The C-terminal portion of FAK, termed FAK-related nonkinase (FRNK)(5), consists of several proline-rich regions that act as binding sites for many SH3-containing proteins, and a C-terminal focal adhesion targeting (FAT) domain.(5–8) Exogenous expression of FRNK or FAT domain can displace endogenous full-length FAK from focal adhesions resulting in disruption of lamellipodia formation and apoptosis.(9–12) One of the key binding partners of FAK at sites of focal adhesion is paxillin, a multi-domain adaptor protein associated with cell adhesion and growth control.(13–16) Paxillin binds to the C-terminal FAT domain of FAK through two of its five N-terminal LD motifs, termed LD2 and LD4.(17–21) The LD motifs of paxillin are amphipathic alpha helices that can interact with many other proteins,(22) including G protein-coupled receptor kinase-interacting protein 1 (GIT1).(23) Paxillin, GIT1, and FAK are hypothesized to act synergistically to promote cell motility by a mechanism in which paxillin triggers focal adhesion disassembly and turnover by switching its binding partner from FAK to GIT1.(24; 25) This switch was thought likely to be driven by the phosphorylation of paxillin.(24) Mapping of the major paxillin phosphorylation sites by mass spectrometry(26) showed that p21-activated kinase (PAK) phosphorylation of paxillin at S273 within the LD4 motif increased the association between paxillin and GIT1 resulting in an up-regulation of adhesion turnover.(27)
Here we show by chemical shift perturbation and fluorescence anisotropy experiments that phosphorylation at S273 within the LD4 motif of paxillin significantly reduces it’s binding affinity to the FAT domain of FAK. This finding demonstrates that phosphorylation of paxillin at S273 triggers a molecular switch that determines the preferred binding partner of paxillin during the focal adhesion turnover process.
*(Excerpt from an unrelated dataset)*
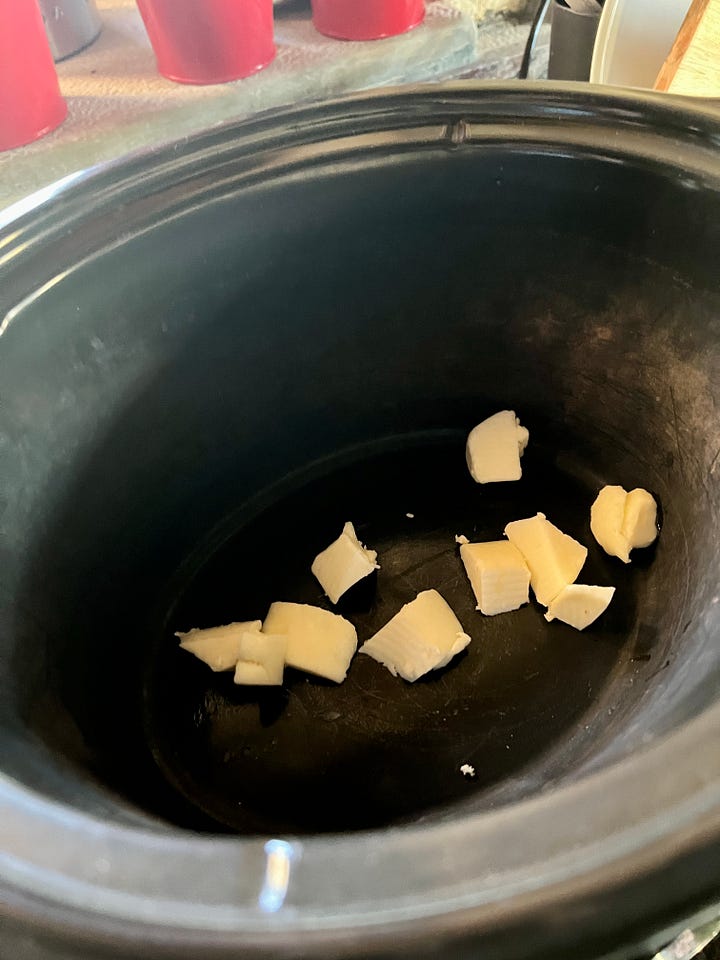 Pon 40 g de mantequilla cortada en dados y una cucharadita de postre de aceite en el slow cooker.

In addition, we show that the reduction in binding affinity of phosphorylated LD4 to the FAT domain is due to a shift in the order to disorder transition of the LD4 motif, a novel mechanism by which phosphorylation can regulate selectivity.
EXPERIMENTAL PROCEDURES
Overexpression and purification of the FAT domain of FAK, paxillin, and the FAT-LD2 construct
The cDNA encoding the FAT domain (residues 916 to 1053) was subcloned into a pET28a vector. The N-terminal His-tagged FAT domain was subsequently expressed in E. coli strain BL21(DE3)pLysS. Protein induction, harvest, and purification methods have been described previously.(28; 29) FAT-LD2 was sub-cloned into a pET28a vector in which LD2 oligos were inserted into a BamHI site downstream of FAT. Oligonucleotides that contained BamHI restriction sites and the LD2 sequence flanked 5’ by glycine serine repeats (GGS2GS(GGS2 positive and negative strands) were synthesized at the Hartwell Center for Bioinformatics and Biotechnology at St. Jude Children’s Research Hospital. The cDNA encoding chicken paxillin, spanning amino acids 51–313, was subcloned into a pET28a vector. To generate the paxillin amino acid 130–313 construct in pET28a, oligonucleotides containing 5’ NdeI or 3’ EcoRI restriction enzyme sites were designed and used to amplify the sequence through polymerase chain reaction (PCR). Incorporation of paxillin into pET28a was verified by sequencing with T7 terminator primer. Isotope-labeled protein was prepared by using morpholinepropanesulfonic acid–buffered medium containing 15NH4Cl (1 g/) and 13C6-glucose (2.5 g/l).
Peptide synthesis
The Hartwell Center for Bioinformatics and Biotechnology at St Jude chemically synthesized a peptide corresponding to the LD4 motif of chicken paxillin (residues 262–276 of wild type paxillin, SATRELDELMASLSD), and LD4 peptides phosphorylated at the S12 and S14 positions (S273 and S275 of the wild-type paxillin), termed LD4-S273p and LD4-S275p, respectively. For the fluorescence anisotropy experiments, peptides corresponding to LD4, LD4-S273p, and LD4-S275p with a fluorescein tag covalently attached to the N-terminus via a butanoic linker were synthesized. CD experiments confirmed that the fluorescein tag does not inhibit the helical propensity of the individual peptides (data not shown).
NMR spectroscopy
NMR data for structure determination were acquired with Varian Inova 600 MHz and Bruker Avance 800 MHz (with cryoprobe) spectrometers at 37 °C. Sample concentrations for NMR experiments were typically 0.5 to 1.0 mM in 10 mM potassium phosphate buffer, pH 6.5, 10% D2O, and 0.1% sodium azide. Data were processed and displayed by using the programs NMRPipe and NMRDraw(30) on an SGI Octane workstation or PC. Proton chemical shifts were referenced to H2O peaks (4.75 ppm). 13C and 15N chemical shifts were referenced indirectly to DSS using absolute frequency ratios. The program SPARKY (T. D. Goddard and D. G. Kneller, SPARKY 3, University of California, San Francisco) was used for data analysis and assignment. Backbone resonance assignments of the FAT-LD2 construct were made manually on the basis of 3-dimensional HNCA, HNCACB, and CBCA(CO)NH experiments. Aliphatic side-chain resonances were assigned by using 3-dimensional 15N-edited HCCH-COSY and HCCH-TOCSY spectra. Residual gaps and ambiguities were resolved by using nuclear Overhauser effect (NOE) connections measured by 3-dimensional 15N-edited and 13C-edited NOESY experiments. 15N-heteronuclear single quantum correlation (HSQC) experiments were performed to measure the chemical shift perturbations in the FAT-LD2 spectra upon LD4 peptide binding.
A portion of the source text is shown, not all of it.